▼

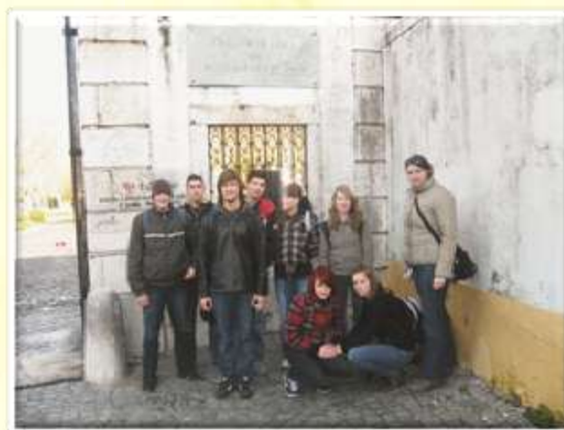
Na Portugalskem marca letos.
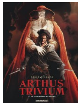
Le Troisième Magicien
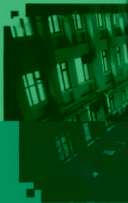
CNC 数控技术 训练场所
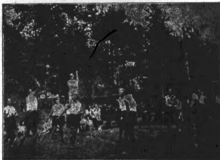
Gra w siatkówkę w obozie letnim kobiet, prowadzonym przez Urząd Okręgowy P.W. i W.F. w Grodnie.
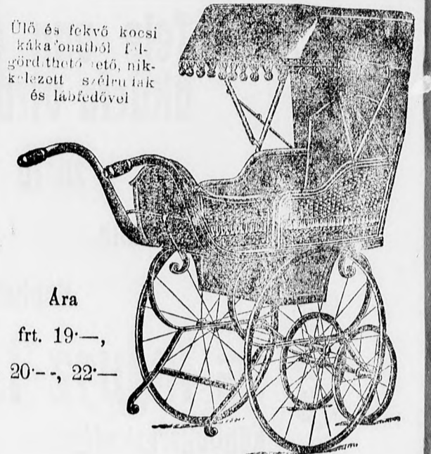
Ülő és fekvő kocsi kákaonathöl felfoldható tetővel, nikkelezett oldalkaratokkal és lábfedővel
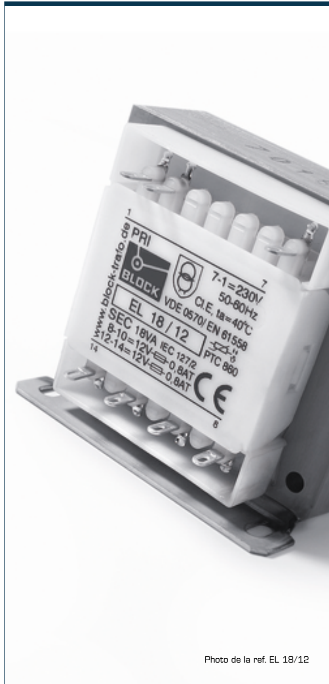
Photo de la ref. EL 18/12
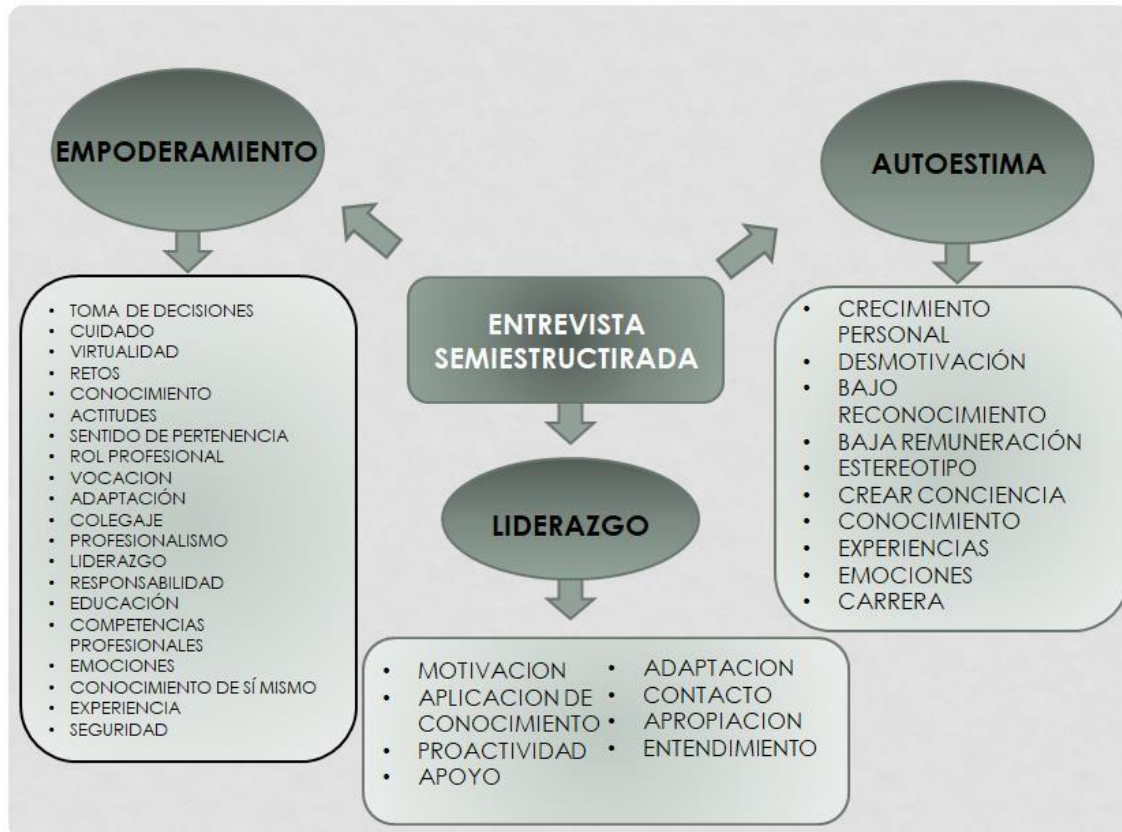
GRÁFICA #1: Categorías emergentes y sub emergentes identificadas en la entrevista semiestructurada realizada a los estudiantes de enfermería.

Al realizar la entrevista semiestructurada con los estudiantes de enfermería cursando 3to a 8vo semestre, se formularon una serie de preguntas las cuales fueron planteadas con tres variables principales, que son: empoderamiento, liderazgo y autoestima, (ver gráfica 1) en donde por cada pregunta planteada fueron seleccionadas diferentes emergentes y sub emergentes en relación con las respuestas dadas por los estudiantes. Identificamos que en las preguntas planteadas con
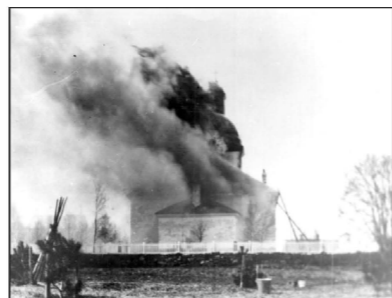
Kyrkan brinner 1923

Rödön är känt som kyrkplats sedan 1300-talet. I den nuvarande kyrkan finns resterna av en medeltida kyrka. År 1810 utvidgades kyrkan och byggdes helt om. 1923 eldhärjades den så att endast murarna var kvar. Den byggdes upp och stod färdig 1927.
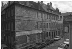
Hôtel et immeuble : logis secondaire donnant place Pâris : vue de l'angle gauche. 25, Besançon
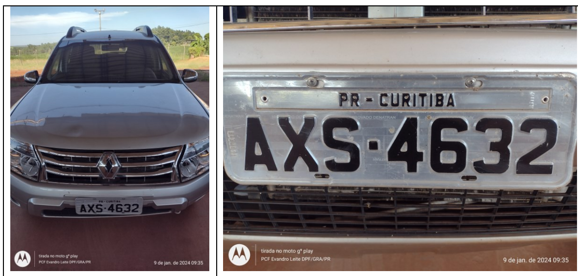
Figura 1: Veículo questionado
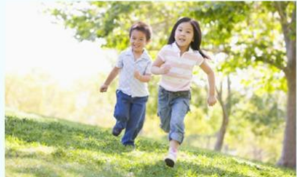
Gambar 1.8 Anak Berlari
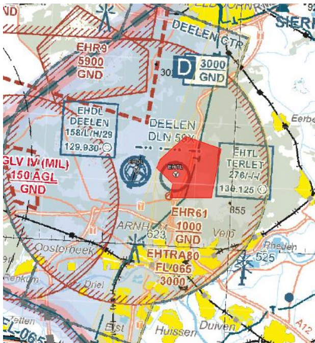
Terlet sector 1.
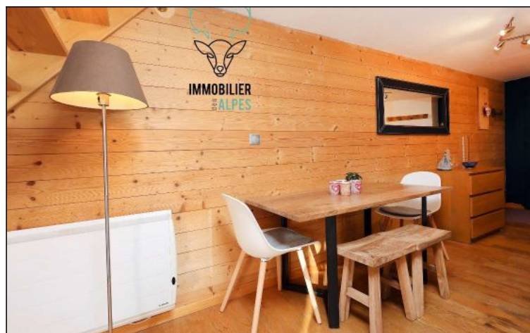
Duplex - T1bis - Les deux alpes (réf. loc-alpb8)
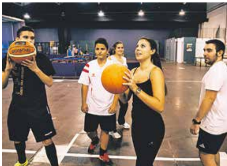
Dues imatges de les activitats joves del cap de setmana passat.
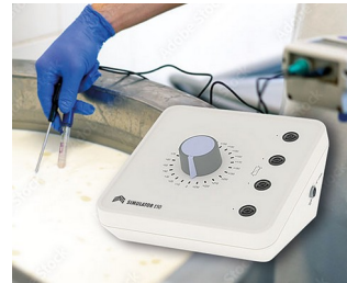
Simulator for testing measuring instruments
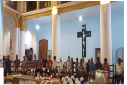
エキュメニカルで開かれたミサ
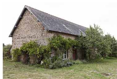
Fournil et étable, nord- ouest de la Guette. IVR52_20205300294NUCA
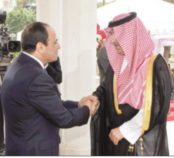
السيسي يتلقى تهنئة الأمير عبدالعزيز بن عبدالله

▲
▼

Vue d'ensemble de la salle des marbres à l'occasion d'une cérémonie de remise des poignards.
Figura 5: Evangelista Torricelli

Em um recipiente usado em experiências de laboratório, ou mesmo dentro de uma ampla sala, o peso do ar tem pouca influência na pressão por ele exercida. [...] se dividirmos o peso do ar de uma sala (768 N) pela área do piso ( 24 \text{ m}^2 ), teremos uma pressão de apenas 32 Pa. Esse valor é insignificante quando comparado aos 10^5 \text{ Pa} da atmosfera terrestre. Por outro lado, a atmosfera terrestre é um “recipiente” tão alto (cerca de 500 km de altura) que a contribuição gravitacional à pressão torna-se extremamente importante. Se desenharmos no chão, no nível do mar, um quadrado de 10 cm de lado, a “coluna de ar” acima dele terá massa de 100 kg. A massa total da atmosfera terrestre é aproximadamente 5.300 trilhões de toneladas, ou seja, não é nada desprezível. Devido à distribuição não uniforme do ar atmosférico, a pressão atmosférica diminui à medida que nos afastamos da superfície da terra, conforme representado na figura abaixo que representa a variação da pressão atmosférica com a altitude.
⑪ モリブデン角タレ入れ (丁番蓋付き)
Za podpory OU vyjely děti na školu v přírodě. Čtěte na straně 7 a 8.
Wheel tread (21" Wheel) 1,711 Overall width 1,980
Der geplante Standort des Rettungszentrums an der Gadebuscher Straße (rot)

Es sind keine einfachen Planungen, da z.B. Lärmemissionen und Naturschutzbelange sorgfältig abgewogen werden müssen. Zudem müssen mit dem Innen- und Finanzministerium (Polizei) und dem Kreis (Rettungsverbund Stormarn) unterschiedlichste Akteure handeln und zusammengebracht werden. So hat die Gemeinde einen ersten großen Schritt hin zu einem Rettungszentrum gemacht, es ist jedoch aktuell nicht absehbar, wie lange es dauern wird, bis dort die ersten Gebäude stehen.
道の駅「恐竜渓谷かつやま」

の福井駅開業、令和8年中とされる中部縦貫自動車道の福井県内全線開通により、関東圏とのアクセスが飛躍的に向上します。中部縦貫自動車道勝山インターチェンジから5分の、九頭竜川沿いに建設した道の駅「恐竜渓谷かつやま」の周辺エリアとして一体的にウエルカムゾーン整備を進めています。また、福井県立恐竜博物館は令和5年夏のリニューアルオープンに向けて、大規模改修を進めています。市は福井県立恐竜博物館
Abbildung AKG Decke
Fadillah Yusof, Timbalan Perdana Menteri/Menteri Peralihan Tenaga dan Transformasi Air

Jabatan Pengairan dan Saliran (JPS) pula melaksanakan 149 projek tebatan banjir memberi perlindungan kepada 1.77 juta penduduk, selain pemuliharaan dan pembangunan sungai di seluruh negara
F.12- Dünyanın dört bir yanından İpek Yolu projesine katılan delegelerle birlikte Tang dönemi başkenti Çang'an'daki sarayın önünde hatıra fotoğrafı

▲

- _What is needed_
Please find the lines in the data that contain the word "恐竜渓谷かつやま" and copy them.

- _Response for this exercise_
道の駅「恐竜渓谷かつやま」
の福井駅開業、令和8年中とされる中部縦貫自動車道の福井県内全線開通により、関東圏とのアクセスが飛躍的に向上します。中部縦貫自動車道勝山インターチェンジから5分の、九頭竜川沿いに建設した道の駅「恐竜渓谷かつやま」の周辺エリアとして一体的にウエルカムゾーン整備を進めています。また、福井県立恐竜博物館は令和5年夏のリニューアルオープンに向けて、大規模改修を進めています。市は福井県立恐竜博物館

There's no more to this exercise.